Writing for the Washington Post, Aaron Blake pointed out an interesting development in what Trump is trying to sell to the public as he faces his next indictment package, the one about the “perfect phone call” of January 2021. The one where he pressured the Georgia GOP election chair to alter the results and declare Trump the winner.
The man literally said, “I just want to find 11,780 votes, which is one more than we have.” (He meant, sloppily, that he was facing an 11,779 vote margin of defeat to Biden, and so he wanted GA Secretary of State Brad Raffensberger to hurry up and produce 11,780 more votes for Trump, and do it ASAP. 11,780 more votes. Now. Just “find” them.)

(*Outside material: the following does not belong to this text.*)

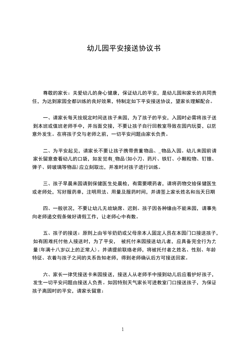 尊敬的家长:关爱幼儿的身心健康,保证幼儿的平安,是幼儿园和家长的共同责任,为达到家园全都训练的良好效果,特制定如下平安接送协议,望家长理解配合。
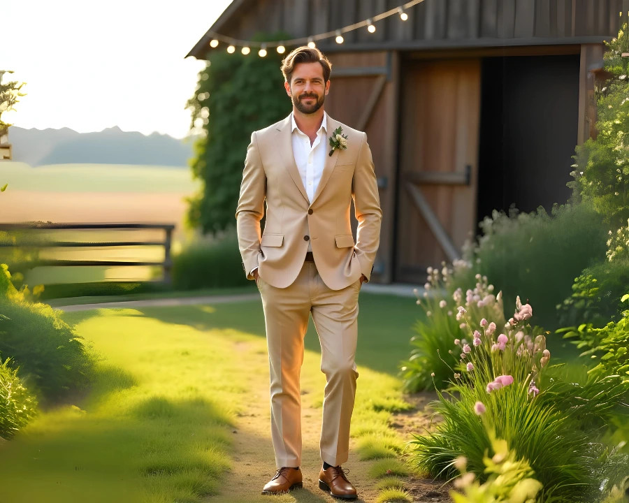 Elegant and versatile, this soft grey linen suit is perfect for grooms who want structure with breathability. Its neutral tone complements pastel florals and golden-hour lighting beautifully. Great for both grooms and groomsmen.

For the past two years and nine months, until very recently, Trump has declared vehemently that the 2020 election was stolen, that he actually received the most votes, and that that is a fact.
Now he is declaring that it’s merely his opinion, it’s what he thinks personally, that the 2020 election was stolen. Check this out, Aaron Blake showcasing quotes from Trump’s Newsmax interview the night before last, with key phrases bolded by me:
Describing the fateful phone call: “I’m telling them that, in my opinion, the election was rigged.”
“I believe I won that election by many, many votes, many, many hundreds of thousands of votes,” Trump said. “That’s what I think.”
“That’s my opinion, and it’s a strong opinion,” he added. “And I think it’s borne out by the facts, and we’ll see that.”
Trump has never before weaseled away from fact-claiming and into subjectivity like this — my opinion, I believe, I think — on the subject of the 2020 election. It suggests a legal strategy, maybe?
But how would that play out? Legal professionals on here may be able to say more, and they have — Trump, as criminal defendant, cannot wrap himself up in a cloak of “my opinion” as an excuse for committing illegal acts. Especially when there is ample evidence that he’d been told, repeatedly, by numerous aides and advisors, that the facts were that he’d lost.
It doesn’t work like that. I can’t sell cocaine “because in my opinion it should be legal”. I can’t steal your car “because in my opinion it looks better in my driveway”. And Trump can’t attempt to overturn the official and accurate results of the 2020 election for President of the United States of America because in his opinion the official result is wrong and he’s not the loser, he’s the winner.
Nope.
But it’s interesting to see him sliding in this direction. It makes me wonder if a few more of his supporters will start to understand what he’s doing here, that he’s no longer confidently declaring it as fact. Maybe some of them, too, will finally get quieter about the Big Lie and begin to slink away from it.
Speaking of supporters — Newsmax itself, more right-wing than Fox, concluded their Trump interview with an on-camera disavowal of Trump’s opinion. That’s a first for them! The interviewer, Eric Bolling, actually cut away from Trump at the end and faced the camera and said, point blank, “Alright, folks. Now, just a note. Newsmax has accepted the election results as legal and final.”
These trials are going to be interesting. Trump cannot afford to plead insanity while simultaneously running for President. But if he does not plead insanity, then he has to go on trial as a defendant who is expected to understand what truth and reality are — and to obey the law, as a citizen who is sane enough to understand that concept.
Trump’s new “my opinion / I think” framing about the 2020 election, and his backing away from claiming the Big Lie as fact, is not going to serve him well in courts of law.
It will also not serve him well in his perpetual $$ grifting from small donors. Recently we’ve heard that as many as 70% of Republican voters say they believe the 2020 election was stolen from Donald Trump by Joe Biden. A significant percent of Trump’s donations go hand in hand with that belief. And I lurk occasionally on right-wing forums just to get pulse readings from time to time… honestly, there are millions out there who truly and deeply believe it. They don’t wield it, as Trump does, as a tool to try to ward off the personal narcissistic injury of being Trump and losing your re-election bid. They believe it.
Maybe that, too, will begin to change slowly. At least for some % of them. Because for Trump to now be saying all of that is just “my opinion”— that is some truly weak-sauce backpedaling, after all the furious rhetorical spear-chucking he’s done throughout 2021 and 2022. Pathetic. In my opinion.